Margaret Josephine McDonagh, Baroness McDonagh (born 26 June 1961) is a British Labour Party politician[1] and was General Secretary of the Labour Party from 1998 to 2001.[2]

In 2012, Baroness McDonagh co-founded with Lorna Fitzsimons management consultants The Pipeline which are described as leading Diversity and Inclusion specialists.[3]

Political career

Margaret McDonagh was part of the New Labour leadership inner-circle for the 1997 UK General Election campaign and was one of the inner-core deciding the official party position on specific issues.
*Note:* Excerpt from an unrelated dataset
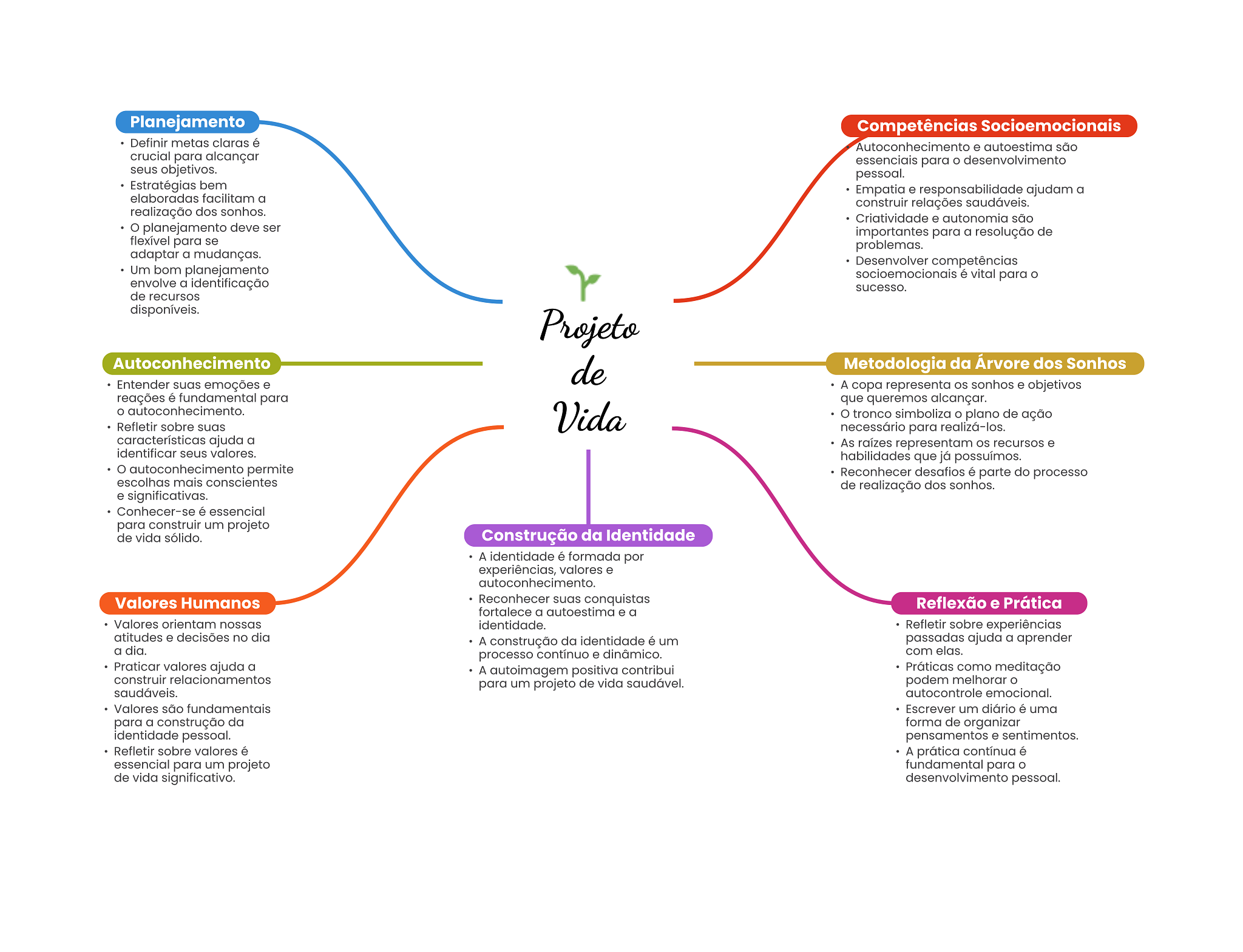 Planejamento Competências Socioemocionais Definir metas claras é Autoconhecimento e autoestima são crucial para alcançar essenciais para desenvolvimento seus objetivos. pessoal. Estratégias bem Empatia e responsabilidade ajudam a elaboradas facilitam a construir relações saudáveis. realização dos sonhos. Criatividade e autonomia são planejamento deve ser importantes para a resolução de flexível para se problemas. adaptar a mudanças. Desenvolver competências Um bom planejamento é vital para envolve a identificação sucesso. de recursos disponíveis. Projeto Autoconhecimento de Metodologia da Árvore dos Sonhos Entender suas emoções e A copa representa sonhos e objetivos reações é fundamental para que queremos alcançar. autoconhecimento. Refletir sobre suas Vida tronco simboliza plano de ação necessário para realizá-los. características ajuda a As raízes representam recursos e identificar seus valores. habilidades que já possuímos. autoconhecimento permite Reconhecer desafios é parte do processo escolhas mais conscientes de realização dos sonhos. e significativas. Conhecer-se é essencial para construir um projeto de vida sólido. Construção da Identidade A identidade é formada por experiências, valores e autoconhecimento. Valores Humanos Reconhecer suas conquistas Reflexão e Prática fortalece a autoestima e a Valores orientam nossas identidade. Refletir sobre experiências atitudes e decisões no dia A construção da identidade é um passadas ajuda a aprender a dia. processo contínuo e dinâmico. com elas. Praticar valores ajuda a A autoimagem positiva contribui Práticas como meditação construir relacionamentos para um projeto de vida saudável. podem melhorar saudáveis. autocontrole emocional. Valores são fundamentais Escrever um diário é uma para a construção da forma de organizar identidade pessoal. pensamentos e sentimentos. Refletir sobre valores é A prática contínua é essencial para um projeto fundamental para de vida significativo. desenvolvimento pessoal.
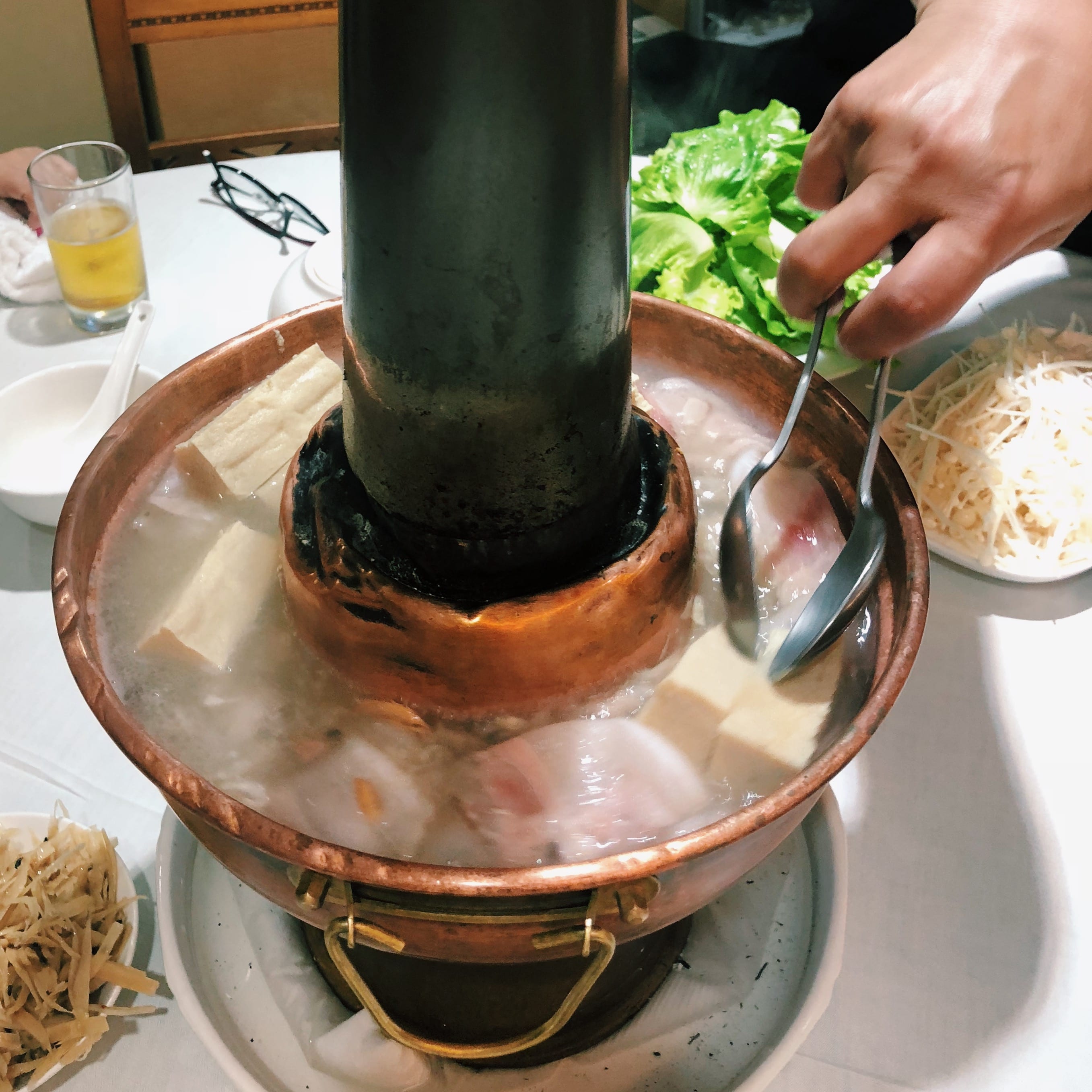 高級感ある門構え。仕事あがりのグループや家族連れで満員。予約していてよかった。「酸菜白肉鍋」とは発酵させた白菜の漬物(酸菜白)がたっぷり入った酸味のある豚肉鍋。日本ではなかなかこの味に出会うことはできません〜。

In 1998, Margaret McDonagh became Labour's first female General Secretary, after serving as deputy GS the previous year, and was not always popular with the grassroots and parts of the Parliamentary Labour Party due to her perceived 'control-freakery'.[4] She was considered to have badly mishandled the party's London mayoral candidate selection process, which resulted in Ken Livingstone winning 2000 London mayoral election as an independent candidate, leaving the official Labour candidate Frank Dobson in third place, with subsequent disaffection amongst the party members.[5][6] McDonagh later apologised for the mayoral electoral loss. Her organisational skills came to the fore however in the delivery of a second landslide victory at the 2001 General Election. She was also criticised for accepting, without consultation, a £100,000 donation from Daily Express newspaper and adult magazine publisher Richard Desmond, and still counting as party members those in arrears of up to 15 months to delay news of declining membership emerging.[7]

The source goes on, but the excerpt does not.